» **REQUIREMENT**: Only one stretch of the data below is needed. Output the lines from the one with "En esta ocasión" up to and including the one with "(分享2017.11.5在尉", exactly as they stand.

» **DATA LISTING**:
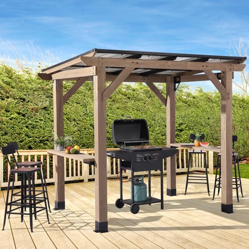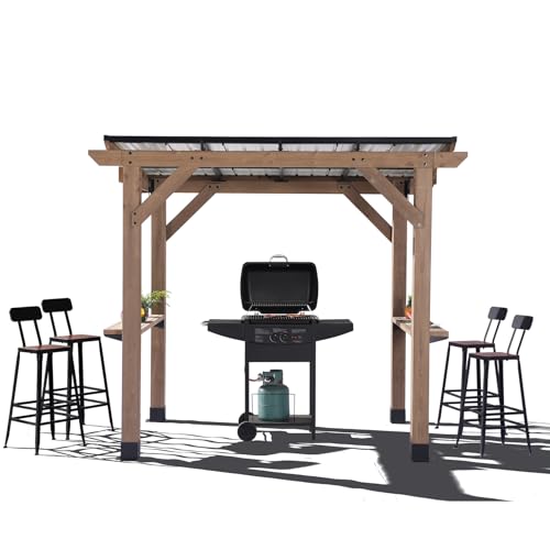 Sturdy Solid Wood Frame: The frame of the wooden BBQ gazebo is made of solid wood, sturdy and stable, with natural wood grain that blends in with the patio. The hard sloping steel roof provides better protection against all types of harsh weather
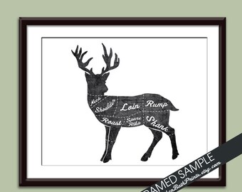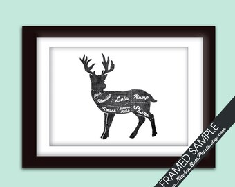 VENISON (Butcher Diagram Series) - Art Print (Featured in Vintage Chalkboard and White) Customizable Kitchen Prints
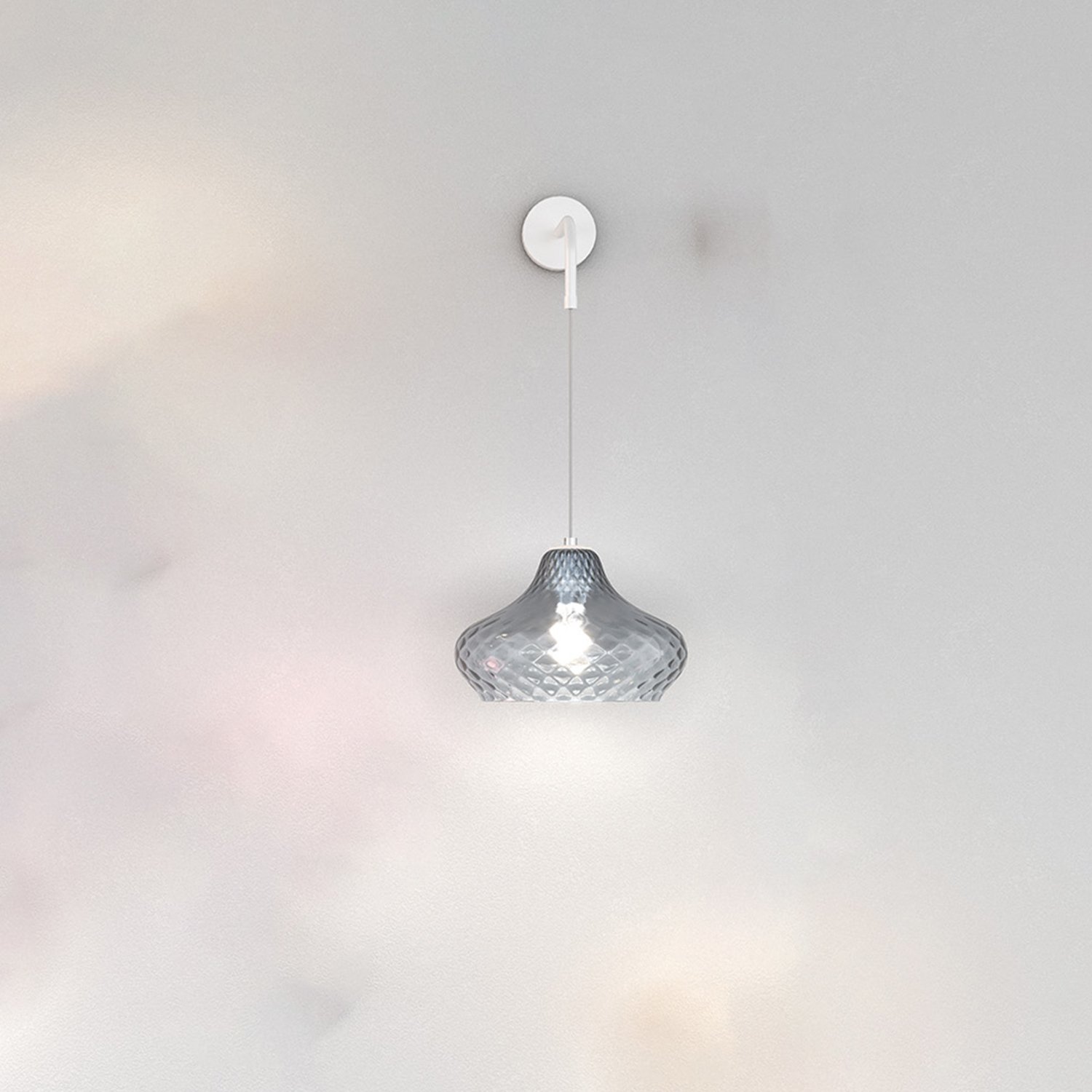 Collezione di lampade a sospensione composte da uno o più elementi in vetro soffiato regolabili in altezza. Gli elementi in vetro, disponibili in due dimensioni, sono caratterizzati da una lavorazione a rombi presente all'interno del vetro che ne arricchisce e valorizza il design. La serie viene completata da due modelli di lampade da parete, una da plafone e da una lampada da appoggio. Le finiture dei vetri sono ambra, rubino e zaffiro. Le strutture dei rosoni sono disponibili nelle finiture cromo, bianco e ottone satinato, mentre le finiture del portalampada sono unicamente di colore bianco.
--
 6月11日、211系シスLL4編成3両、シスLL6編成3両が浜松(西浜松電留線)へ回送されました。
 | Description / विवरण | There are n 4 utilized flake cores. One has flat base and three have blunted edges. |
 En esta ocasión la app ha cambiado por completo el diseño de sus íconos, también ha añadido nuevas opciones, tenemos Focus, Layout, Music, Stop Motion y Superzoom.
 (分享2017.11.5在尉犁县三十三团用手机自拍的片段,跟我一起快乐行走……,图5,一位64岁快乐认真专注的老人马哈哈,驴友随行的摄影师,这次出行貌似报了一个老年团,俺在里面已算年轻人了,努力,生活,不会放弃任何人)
==
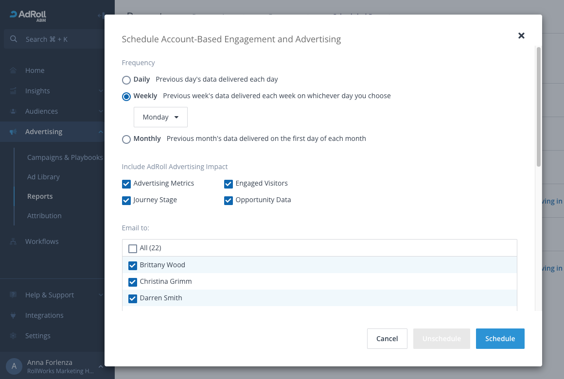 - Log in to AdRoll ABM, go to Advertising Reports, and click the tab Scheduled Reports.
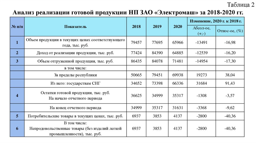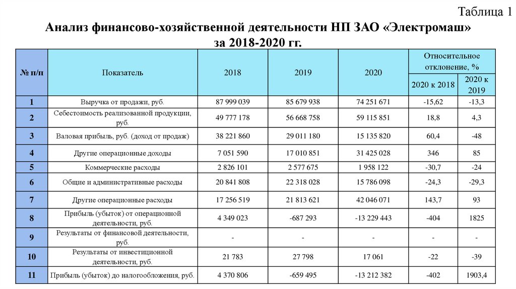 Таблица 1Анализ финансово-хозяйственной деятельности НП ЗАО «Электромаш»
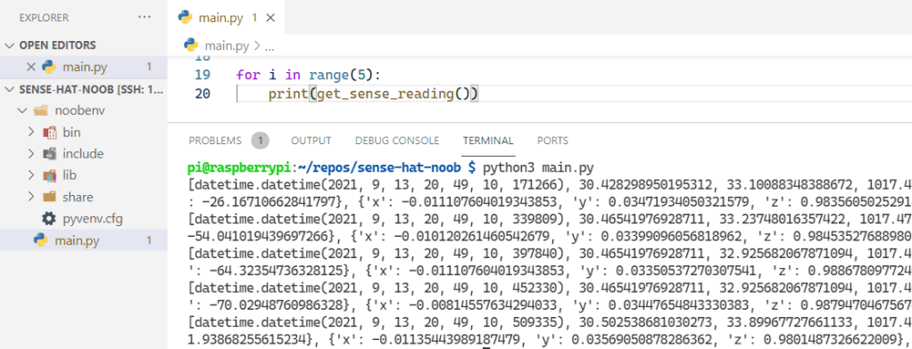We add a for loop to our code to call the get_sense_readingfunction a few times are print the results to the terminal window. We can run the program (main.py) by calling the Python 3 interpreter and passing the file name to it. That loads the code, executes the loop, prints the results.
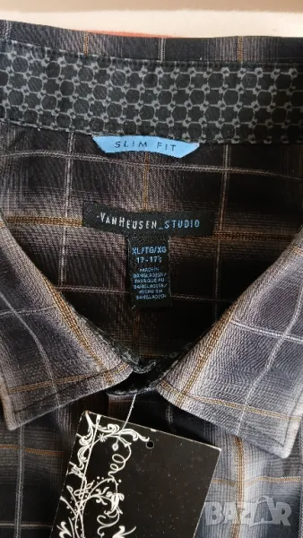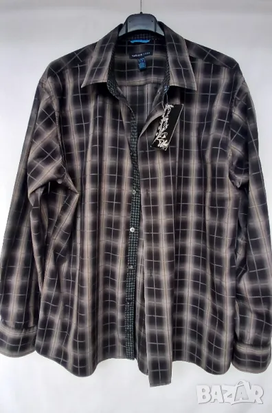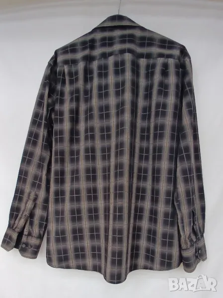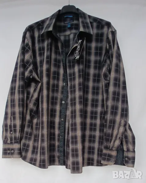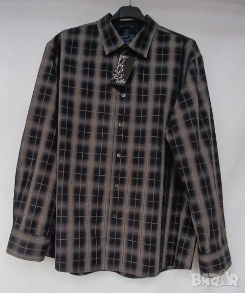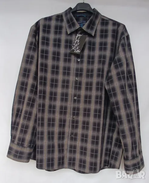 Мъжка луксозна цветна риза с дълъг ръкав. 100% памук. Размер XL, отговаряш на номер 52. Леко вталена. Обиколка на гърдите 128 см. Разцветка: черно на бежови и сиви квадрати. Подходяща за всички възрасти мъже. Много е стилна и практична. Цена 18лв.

» **TASK RESPONSE**:
 En esta ocasión la app ha cambiado por completo el diseño de sus íconos, también ha añadido nuevas opciones, tenemos Focus, Layout, Music, Stop Motion y Superzoom.
 (分享2017.11.5在尉犁县三十三团用手机自拍的片段,跟我一起快乐行走……,图5,一位64岁快乐认真专注的老人马哈哈,驴友随行的摄影师,这次出行貌似报了一个老年团,俺在里面已算年轻人了,努力,生活,不会放弃任何人)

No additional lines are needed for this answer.